Accurate prostate MR image segmentation is a necessary preprocessing stage for computer-assisted diagnostic algorithms. Convolutional neural network, as a research focus in recent years, has been proven to be powerful in computer vision field. Recently, the most effective prostate MRI segmentation technology mainly relies on full convolutional network which has been widely used in semantic segmentation task. However, it's independent and identically distributed assumption neglect the structural regularity present in MR images and miss information between pixels. In this paper, we propose an MRI-conditional generative adversarial networks for prostate segmentation. Our adversarial training make it context aware and the use of adversarial loss functions learn high-level structural information. The network consist of a generator and a discriminator. The generator consists of a contraction channel and an expansion channel like U-Net. The method we proposed uses a multi-scale discriminator which consist of two discriminators with the same structure but different input sizes. The objective function has two parts: one is the adversarial loss, the other is feature matching loss which stabilizes the training and get better convergence. The experiment show that our network can accurately segment the prostate MRI and outperforms most existing methods.
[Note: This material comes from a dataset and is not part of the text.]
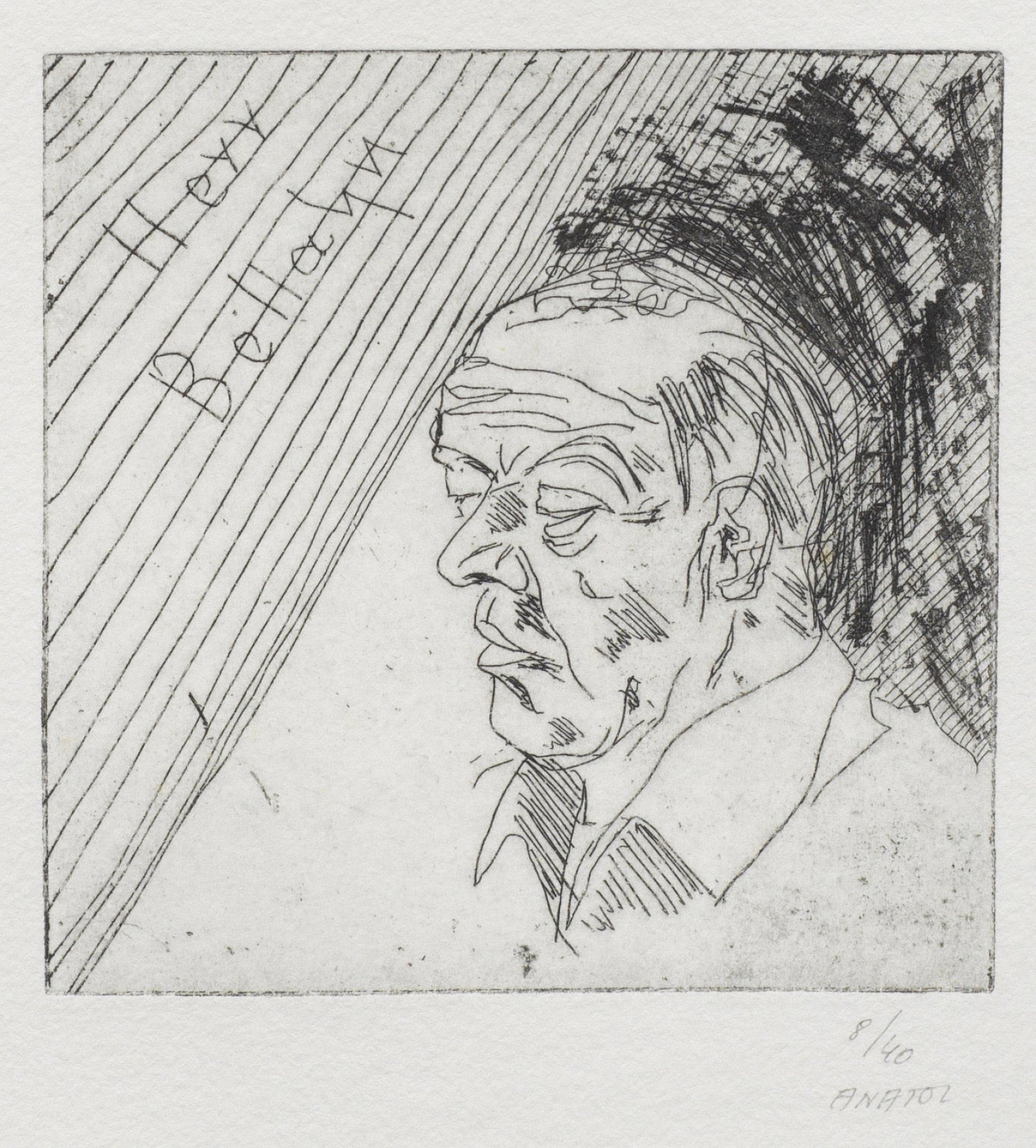 Radierung/Papier. Sign. u. nummeriert 8/40. Grafik des vor allem als Bildhauer bekannten Künstlers, der bei Beuys studierte und mit ihm Kunstaktionen durchführte. Anatol war Teilnehmer der documenta 5-7 in Kassel (1972-1982). Plattenmaß ca 10 cm x 10 cm. Rahmen.

机译:准确的前列腺MR图像分割是计算机辅助诊断算法的必要预处理阶段。卷积神经网络,作为近年来的研究重点,已被证明在计算机视觉领域有力。最近,最有效的前列腺MRI分割技术主要依赖于已广泛用于语义分割任务的完整卷积网络。然而,它是独立的,并且相同的分布式假设忽略了MR图像中存在的结构规律和像素之间的错误信息。在本文中,我们向前列腺细分提出了MRI条件生成的对抗网络。我们的对抗培训使其上下文意识到并使用对抗性损失函数学习高级结构信息。该网络由发电机和鉴别器组成。发电机由收缩频道和U-Net等扩展通道组成。我们提出的方法使用多尺度鉴别器,该鉴别器由两个具有相同结构但不同输入尺寸的鉴别器组成。目标函数有两部分:一个是对抗性损失,另一个是具有稳定训练的特征匹配损失并获得更好的收敛性。实验表明,我们的网络可以准确地分割前列腺MRI并优于大多数现有方法。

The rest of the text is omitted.